Positron emission tomography (PET) with 2-[fluorine-18]-fluoro-2-deoxy-D-glucose (FDG) has shown utility in differentiating malignant from benign tumors of various histologic diagnoses, in staging malignant tumors, and in evaluating treatment efficacy in patients with cancer (5–10). The increased glucose metabolism in malignant versus many benign tissues allows such differentiation. Recently, it has also been reported that increased FDG uptake at PET was observed in residual viable GCTs, allowing them to be differentiated on the basis of the lower FDG uptake of teratoma and necrosis or scar (11–14). However, it is still difficult to differentiate mature teratoma from necrosis or scar with conventional visual interpretation or semiquantitative analysis of FDG uptake (13). It remains clinically desirable to avoid unnecessary surgery in patients with necrosis or scar, whereas excision of residual teratoma is theoretically important.

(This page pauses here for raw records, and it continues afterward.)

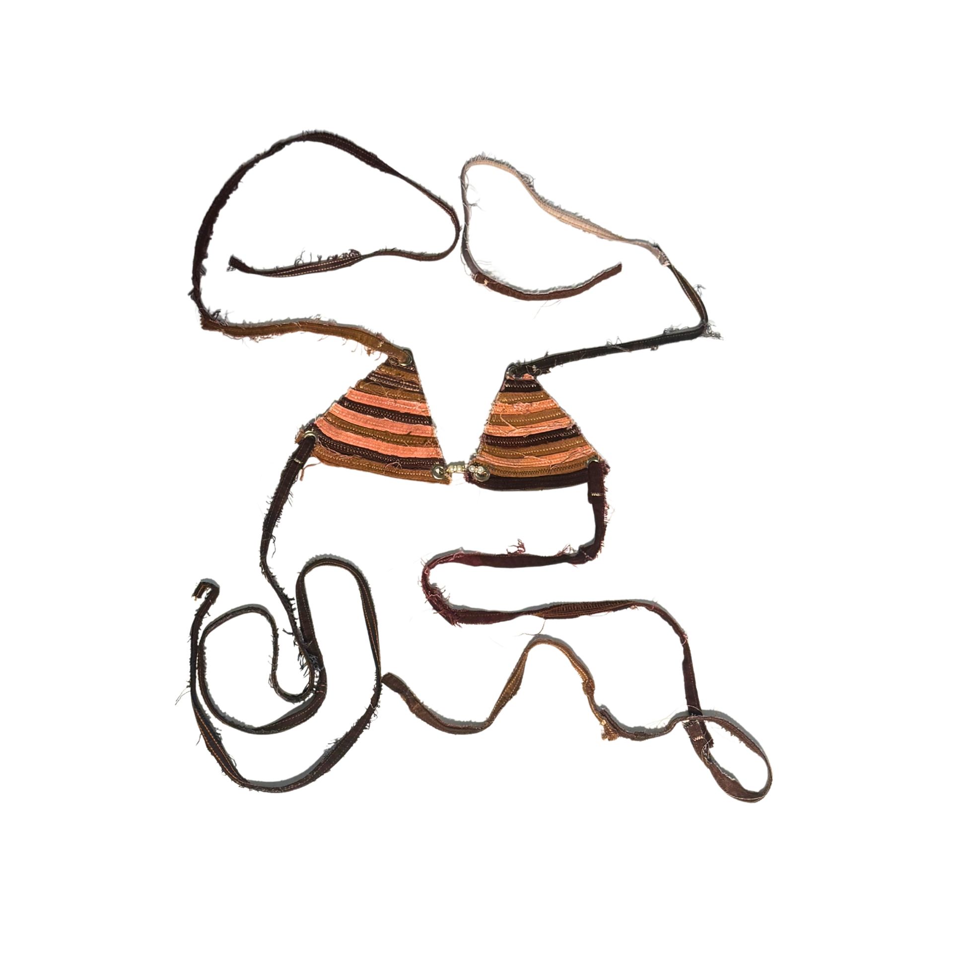 Construction: For the top, I used flatfeld seams from the inseam of used jeans, carefully bleached and dyed them to achieve a beautiful brown and rust ombre, then sewed them on the custom top pattern pieces, adding grommets for the straps (which are also made from flatfeld seams). As for the bottom, I used a secret ombre dying technique to give the skirt some texture, then sewed additional flatfeld seams onto a pair of used jeans that I turned into a skirt.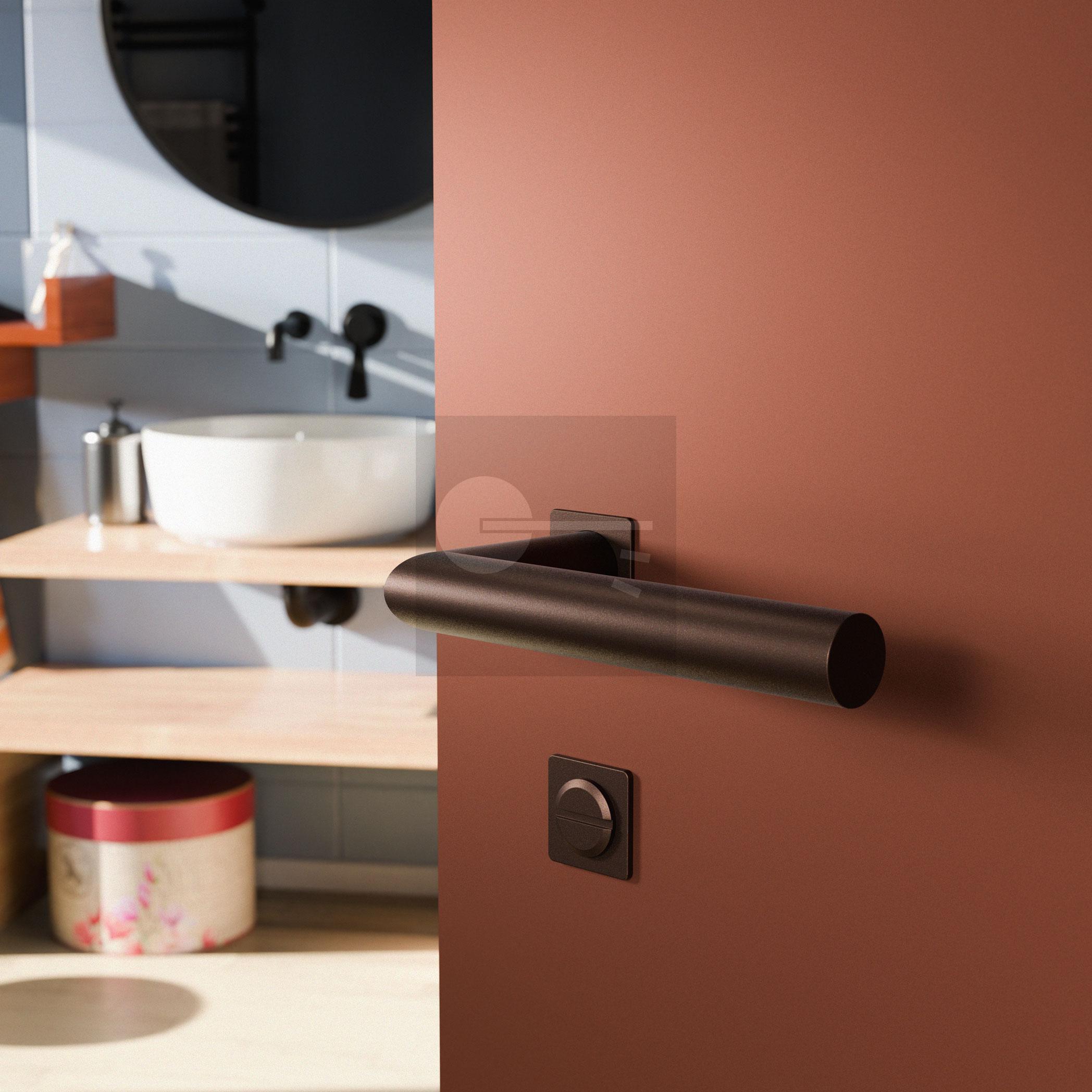 Privacy en stijl gaan perfect samen met dit kwalitatieve toiletgarnituur in de finish Bronze blend. De vierkante rozet heeft een afmeting van 28x28x1,5mm. De toiletstift heeft een dikte van 8 mm en een normale knop. De bevestiging van de rozet is weggewerkt achter de cover.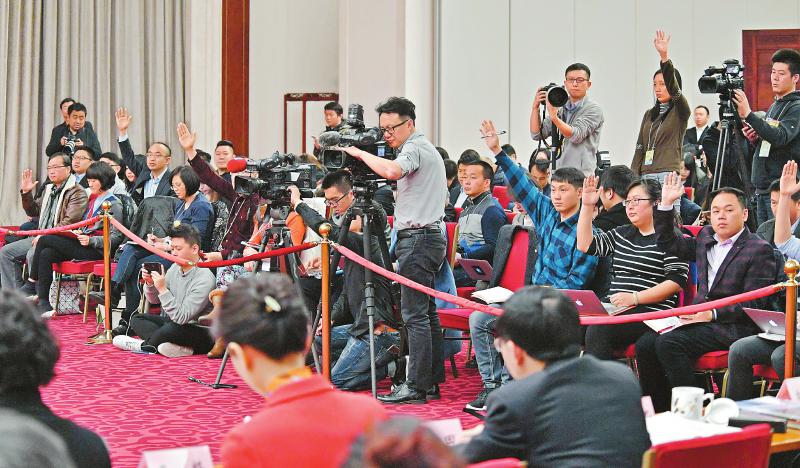 3月8日,十三届全国人大一次会议四川代表团全体会议向媒体开放,现场各媒体记者争相举手提问。本报记者毛漫丁摄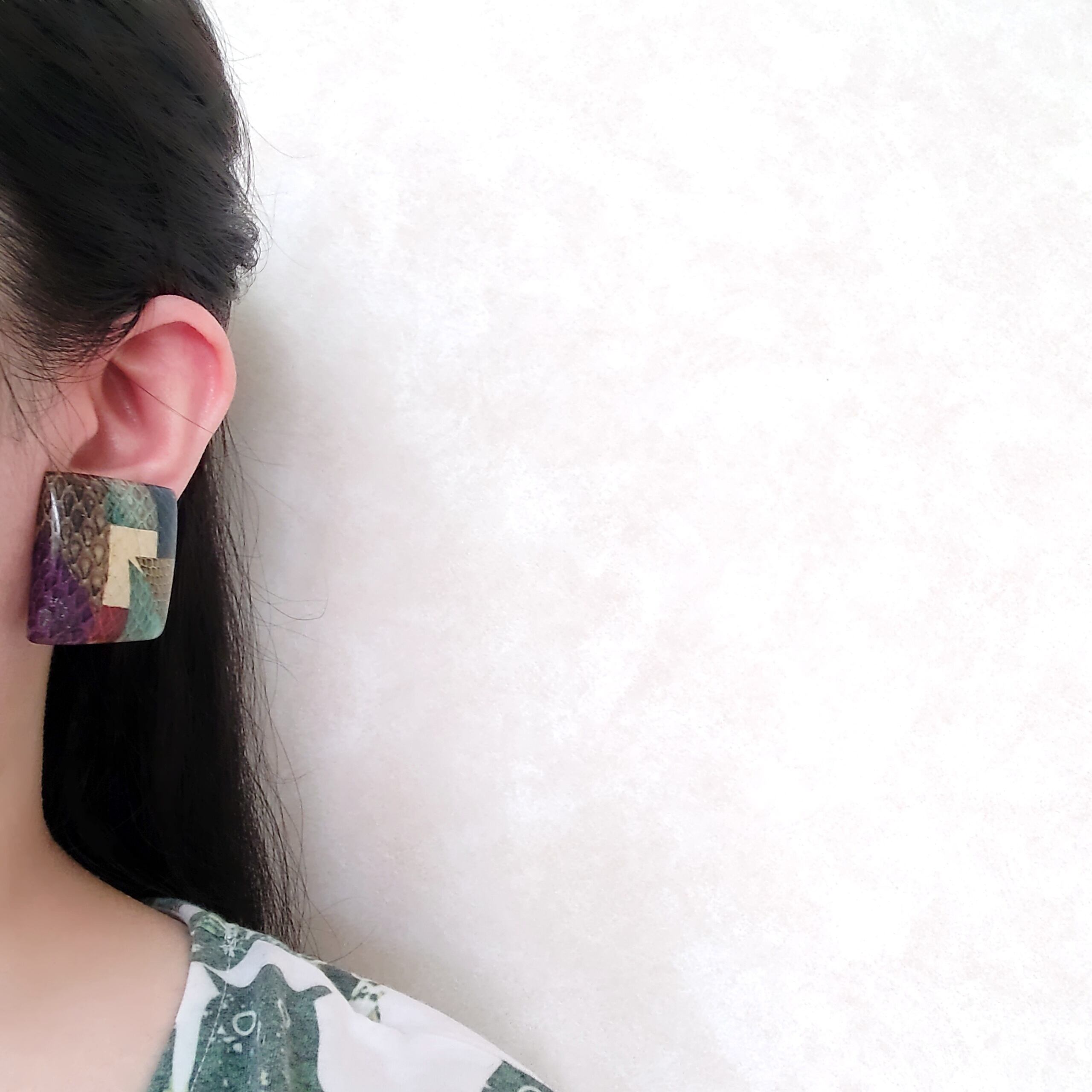 snakeskin pattern patchwork square vintage earrings ヴィンテージイヤリング

The elevated glucose utilization in tumors is a result of a combination of increased blood flow and glucose transport, increased glucose phosphorylation (enhanced hexokinase activity), and decreased rates of dephosphorylation (15). Therefore, dynamic FDG PET kinetic studies of tumors can be performed to produce numeric estimates of rate constants of FDG (16,17). In general, based on the method initially shown by Sokoloff et al (18), the three-compartment model analysis has been used to quantify cerebral glucose metabolism in humans (19). Recently, this method has also been cautiously applied to some tumors in humans (8,16,20–22).

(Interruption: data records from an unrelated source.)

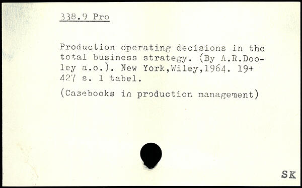 Production operating decisions in the total business strategy. (By A.R.Dooley a. o.).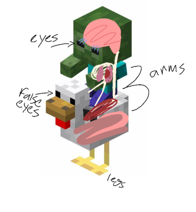 Texiyas is well known for its variety of wildlife, but something never seen before has been spotted there. A Chicken Jockey. Chicken Jockeys are so rare that most people do not even know what they are, much less have seen them. A Chicken Jockey is a small, fat, white bird with a yellow beak and legs that has a small humanoid creature on it, which some researchers have dubbed as "Baby Goblins." Neither of these creatures have ever been seen apart and it is speculated that they are in fact attached to one another. I will include a diagram of the proposed internal anatomy of a Chicken Jockey. A team of scientists was deployed to the area, but when they got there, it was gone. The Chicken Jockey was discovered by a birdwatcher named Carlos Crinkledinkle, on his annual summer trip to Texiyas to see migratory birds, when interviewed he stated “It was the most incredible, grotesque thing I’ve ever seen. Birds should not look like that, and yet it does.” Scientists are still in awe of this wonderful, rare creature, and hope to discover another one whenever possible.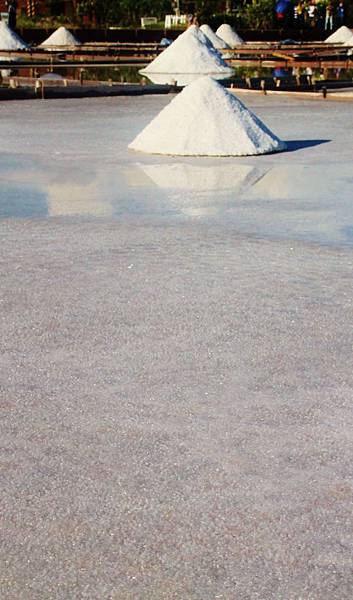 有些結晶池內水量較少,底層已有許多鹽經沉澱,陽光照射下潔白無瑕~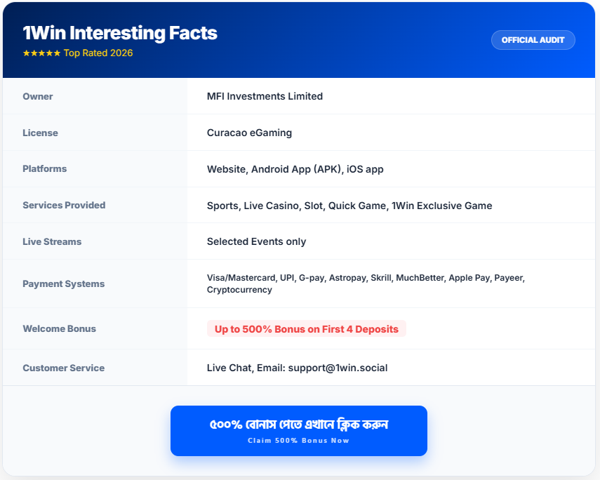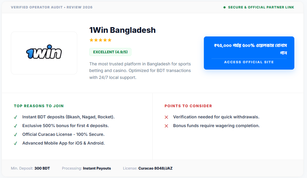 ১উইন-এর সবচেয়ে বড় সুবিধা হলো এতে কোনো জটিল Wagering Requirements (বাজি ধরার কঠোর শর্ত) নেই, যা একে অন্য সব সাইট থেকে আলাদা এবং শ্রেষ্ঠ করে তুলেছে।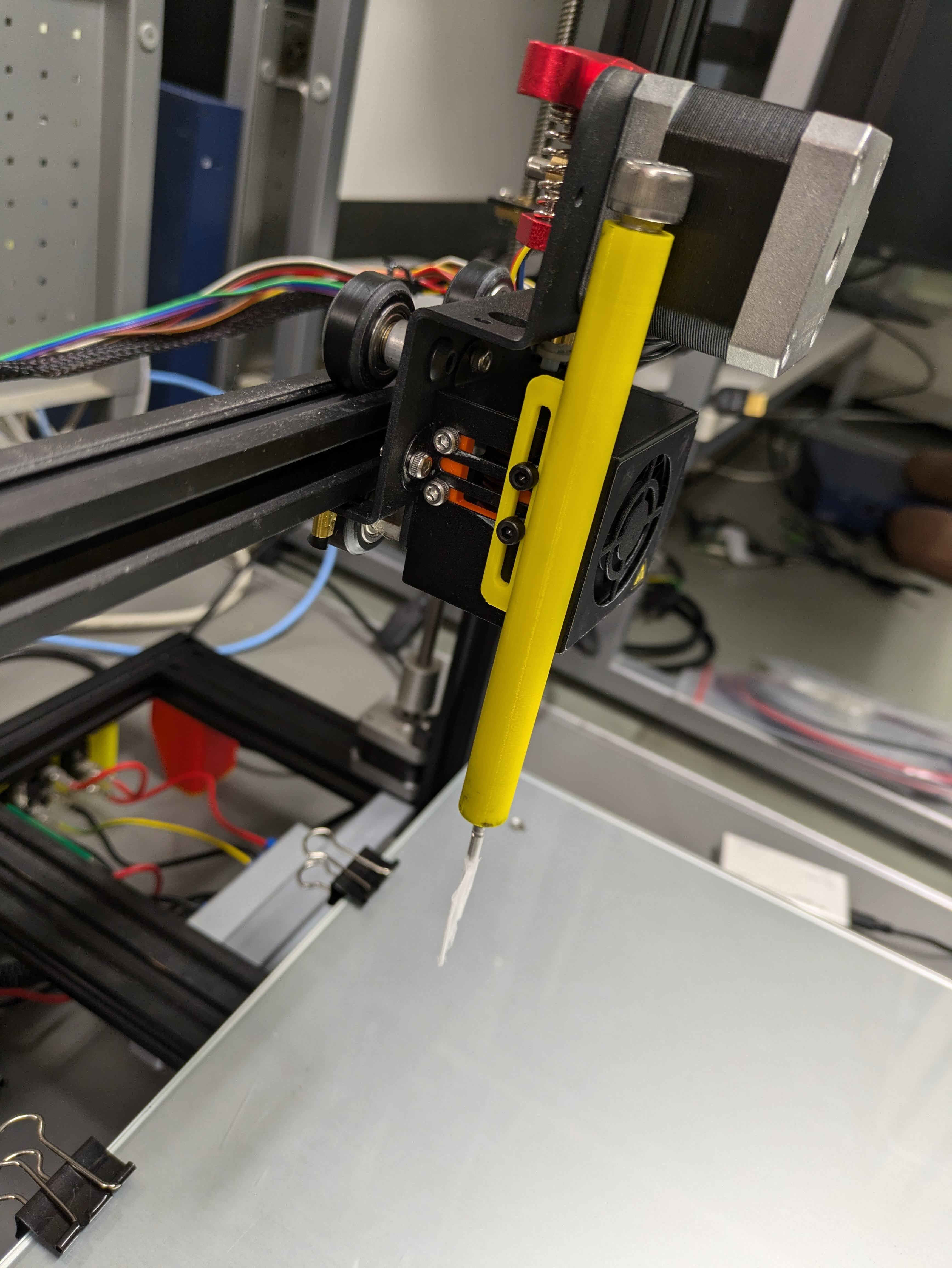ペンが紙にいい感じに当たるように、バネで紙面に押し付けるようなホルダーを作成した。結構無理してもBambuLabがなんとか印刷してくれるので、印刷のしやすさを考慮せず適当にモデリングした。こんな円柱を縦向きに印刷できちゃうのだからすごいことである。冷静に考えたら、円柱部分を三角柱に変えて横置きで印刷し、ネジ部はタップを切るべきだろうと思う。

In the present study, we applied standard three-compartment model kinetic analysis to FDG PET studies in patients with untreated and treated GCT, in addition to conventional visual interpretation and semiquantitative analysis of FDG PET images. Thus, we evaluated the feasibility of FDG PET in patients with GCT, not only for monitoring treatment efficacy but also for differentiating residual masses after chemotherapy. One of our goals was to determine if the kinetic modeling approach would be useful in differentiating mature teratoma from necrosis or scar.

	MATERIALS AND METHODS

TOP Abstract Introduction MATERIALS AND METHODS RESULTS DISCUSSION References

 
Patient Population
Twenty-one male patients, aged 19–42 years (mean age, 29 years), with primary or metastatic GCTs were studied (Table). Fifteen of 21 patients presented with metastatic lesions from testicular GCTs, whereas six patients presented with primary GCTs in the retroperitoneum (patients 3 and 9) or the mediastinum (patients 10, 11, 13, and 20). Written informed consent was obtained from all patients for the studies, which were performed with institutional review board approval. FDG PET studies were performed at the time of diagnosis (five studies) and when residual masses remained after standard cisplatin-based chemotherapy (21 studies, including two after radiation therapy and two after autologous bone marrow transplantation). In five patients, FDG PET studies were repeated after the completion of chemotherapy or as follow-up (mean interval, 280 days). A total of 26 studies was performed in the 21 patients. To define the precise location and size of lesions, all patients also underwent computed tomography (CT), magnetic resonance (MR) imaging, or both before FDG PET (mean interval after CT or MR imaging to FDG PET, 16 days). Histologic confirmation was obtained in 21 lesions (mean interval after FDG PET, 14 days), and the other five lesions were assessed as viable clinically (ie, newly diagnosed or regrowing tumor depicted at CT or MR imaging with increased tumor markers of -fetoprotein, ß-human chorionic gonadotropin, or both).

Image Analysis
Tumor uptake of FDG on the last frame (at 50–60 minutes) of dynamic scans or on static scans was assessed visually. For areas with a corresponding abnormality also depicted on CT or MR images, qualitative grades were assigned: grade 2, intense uptake; grade 1, equivocal uptake; grade 0, no uptake. In cases of more than one lesion depicted at FDG PET, the lesion with the greatest FDG uptake was chosen for analysis. If the lesions did not show intense uptake on FDG PET images, the largest lesion that was also depicted at CT or MR imaging (and for which histologic confirmation was usually obtained after surgical resection) was also chosen for analysis.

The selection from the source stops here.